- _PROVIDED DATA_:

============================================================

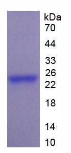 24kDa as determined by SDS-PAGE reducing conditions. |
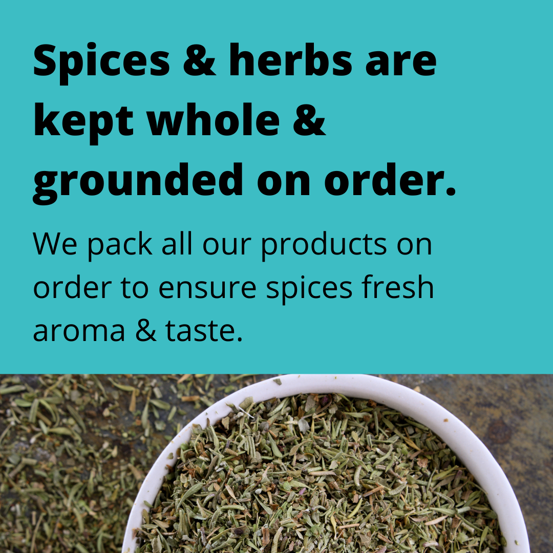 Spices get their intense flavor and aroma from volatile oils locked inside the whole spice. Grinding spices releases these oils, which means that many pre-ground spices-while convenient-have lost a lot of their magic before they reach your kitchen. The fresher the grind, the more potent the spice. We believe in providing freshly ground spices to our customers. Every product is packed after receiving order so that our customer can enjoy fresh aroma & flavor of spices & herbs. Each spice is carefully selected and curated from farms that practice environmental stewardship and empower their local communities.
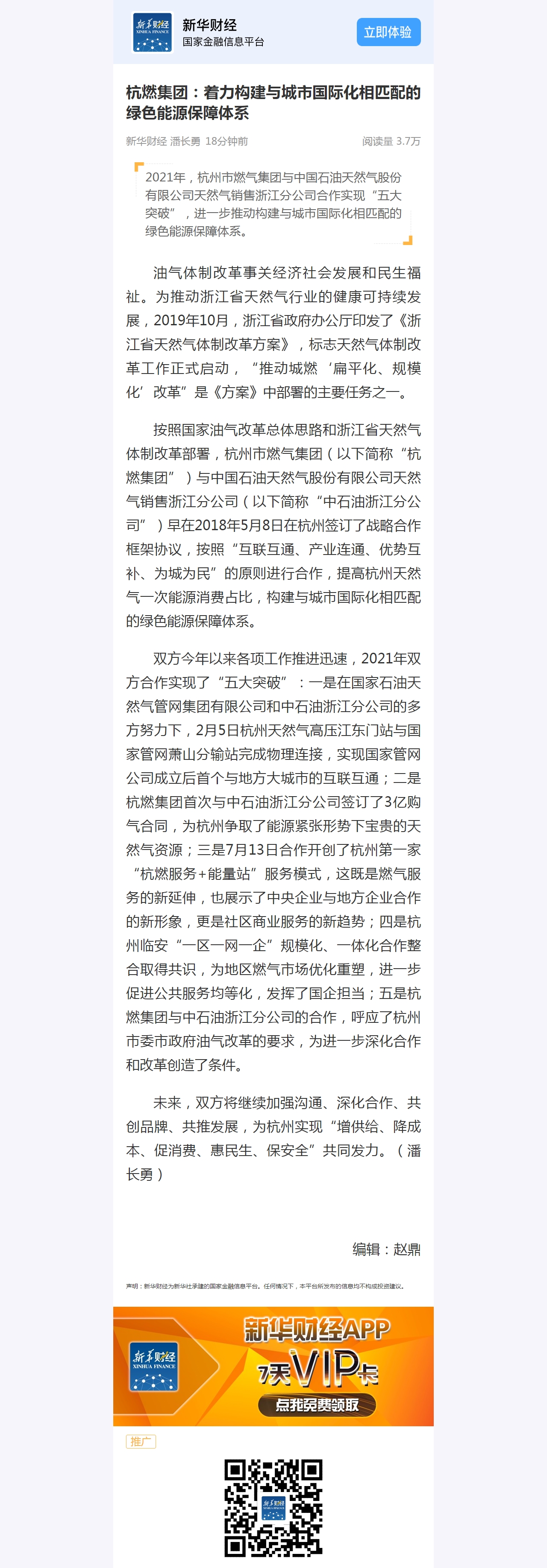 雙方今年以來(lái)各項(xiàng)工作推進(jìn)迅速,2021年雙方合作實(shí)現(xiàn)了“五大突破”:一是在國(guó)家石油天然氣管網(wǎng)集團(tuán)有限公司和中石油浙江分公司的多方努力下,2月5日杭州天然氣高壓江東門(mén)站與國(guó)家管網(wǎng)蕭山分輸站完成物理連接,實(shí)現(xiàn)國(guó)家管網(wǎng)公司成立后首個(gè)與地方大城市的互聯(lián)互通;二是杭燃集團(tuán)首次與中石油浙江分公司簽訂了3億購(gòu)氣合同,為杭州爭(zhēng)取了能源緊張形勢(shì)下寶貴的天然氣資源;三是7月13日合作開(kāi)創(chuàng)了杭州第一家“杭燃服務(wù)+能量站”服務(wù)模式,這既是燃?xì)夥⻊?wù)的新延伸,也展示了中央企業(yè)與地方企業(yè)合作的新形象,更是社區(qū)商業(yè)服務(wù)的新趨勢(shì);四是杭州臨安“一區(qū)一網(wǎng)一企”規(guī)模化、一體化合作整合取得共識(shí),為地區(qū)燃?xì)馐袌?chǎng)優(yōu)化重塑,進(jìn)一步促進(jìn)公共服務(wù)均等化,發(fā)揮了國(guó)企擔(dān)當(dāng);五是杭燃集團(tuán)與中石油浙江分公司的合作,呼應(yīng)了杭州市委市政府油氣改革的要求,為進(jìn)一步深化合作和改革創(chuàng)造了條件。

============================================================

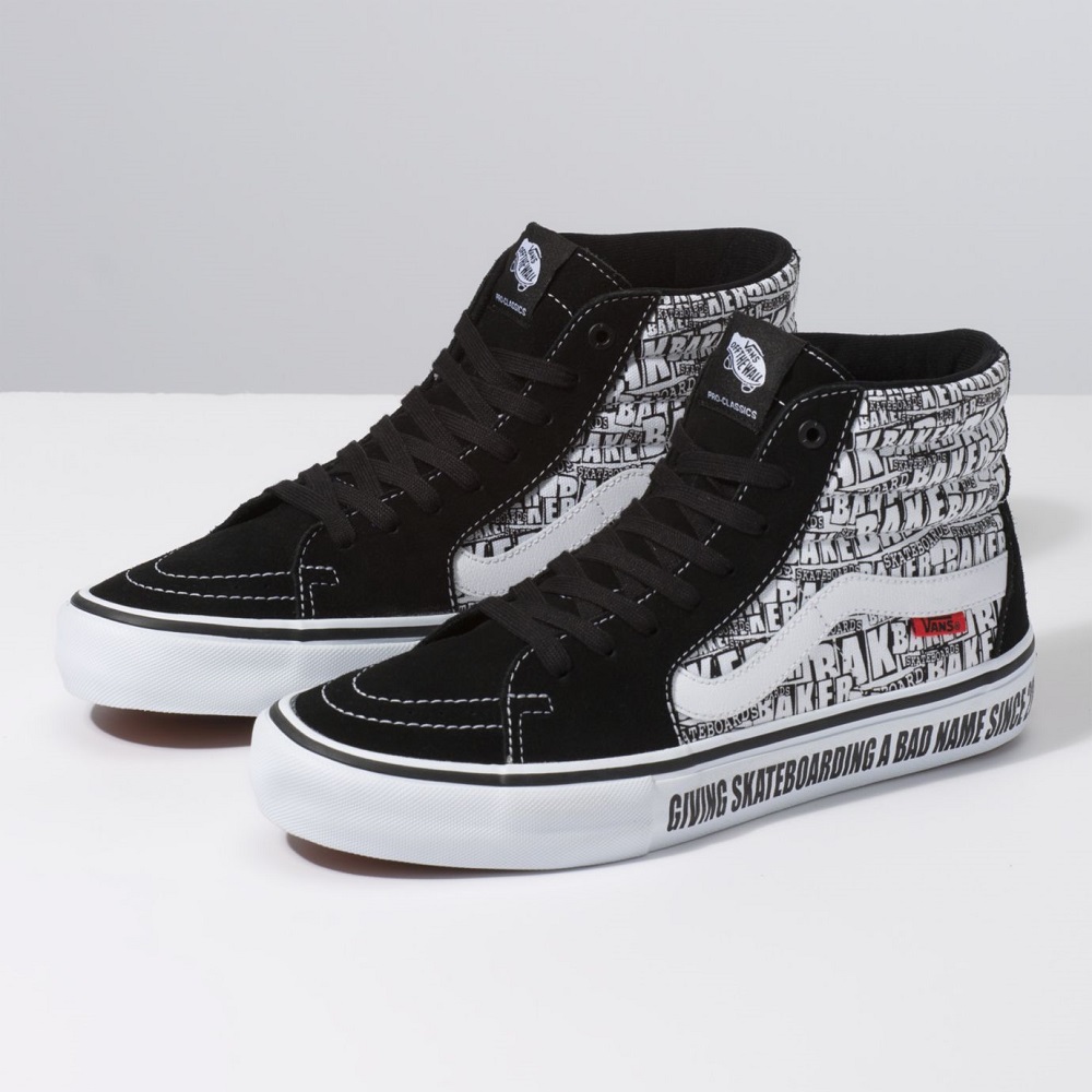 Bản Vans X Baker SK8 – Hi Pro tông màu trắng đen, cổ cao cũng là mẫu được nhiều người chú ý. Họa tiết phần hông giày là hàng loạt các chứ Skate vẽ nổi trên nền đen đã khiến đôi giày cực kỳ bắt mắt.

============================================================

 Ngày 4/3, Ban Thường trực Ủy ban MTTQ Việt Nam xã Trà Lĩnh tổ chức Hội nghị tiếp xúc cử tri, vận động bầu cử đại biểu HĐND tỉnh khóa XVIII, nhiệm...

============================================================

- _EXERCISE DESCRIPTION_: Where a picture appears in the records above, omit it, and transcribe exactly the stretch of lines from the one with "24kDa as determined" through the one with "雙方今年以來(lái)各項(xiàng)".

- _SOLUTION TO THE PROBLEM_:
 24kDa as determined by SDS-PAGE reducing conditions. |
 Spices get their intense flavor and aroma from volatile oils locked inside the whole spice. Grinding spices releases these oils, which means that many pre-ground spices-while convenient-have lost a lot of their magic before they reach your kitchen. The fresher the grind, the more potent the spice. We believe in providing freshly ground spices to our customers. Every product is packed after receiving order so that our customer can enjoy fresh aroma & flavor of spices & herbs. Each spice is carefully selected and curated from farms that practice environmental stewardship and empower their local communities.
 雙方今年以來(lái)各項(xiàng)工作推進(jìn)迅速,2021年雙方合作實(shí)現(xiàn)了“五大突破”:一是在國(guó)家石油天然氣管網(wǎng)集團(tuán)有限公司和中石油浙江分公司的多方努力下,2月5日杭州天然氣高壓江東門(mén)站與國(guó)家管網(wǎng)蕭山分輸站完成物理連接,實(shí)現(xiàn)國(guó)家管網(wǎng)公司成立后首個(gè)與地方大城市的互聯(lián)互通;二是杭燃集團(tuán)首次與中石油浙江分公司簽訂了3億購(gòu)氣合同,為杭州爭(zhēng)取了能源緊張形勢(shì)下寶貴的天然氣資源;三是7月13日合作開(kāi)創(chuàng)了杭州第一家“杭燃服務(wù)+能量站”服務(wù)模式,這既是燃?xì)夥⻊?wù)的新延伸,也展示了中央企業(yè)與地方企業(yè)合作的新形象,更是社區(qū)商業(yè)服務(wù)的新趨勢(shì);四是杭州臨安“一區(qū)一網(wǎng)一企”規(guī)模化、一體化合作整合取得共識(shí),為地區(qū)燃?xì)馐袌?chǎng)優(yōu)化重塑,進(jìn)一步促進(jìn)公共服務(wù)均等化,發(fā)揮了國(guó)企擔(dān)當(dāng);五是杭燃集團(tuán)與中石油浙江分公司的合作,呼應(yīng)了杭州市委市政府油氣改革的要求,為進(jìn)一步深化合作和改革創(chuàng)造了條件。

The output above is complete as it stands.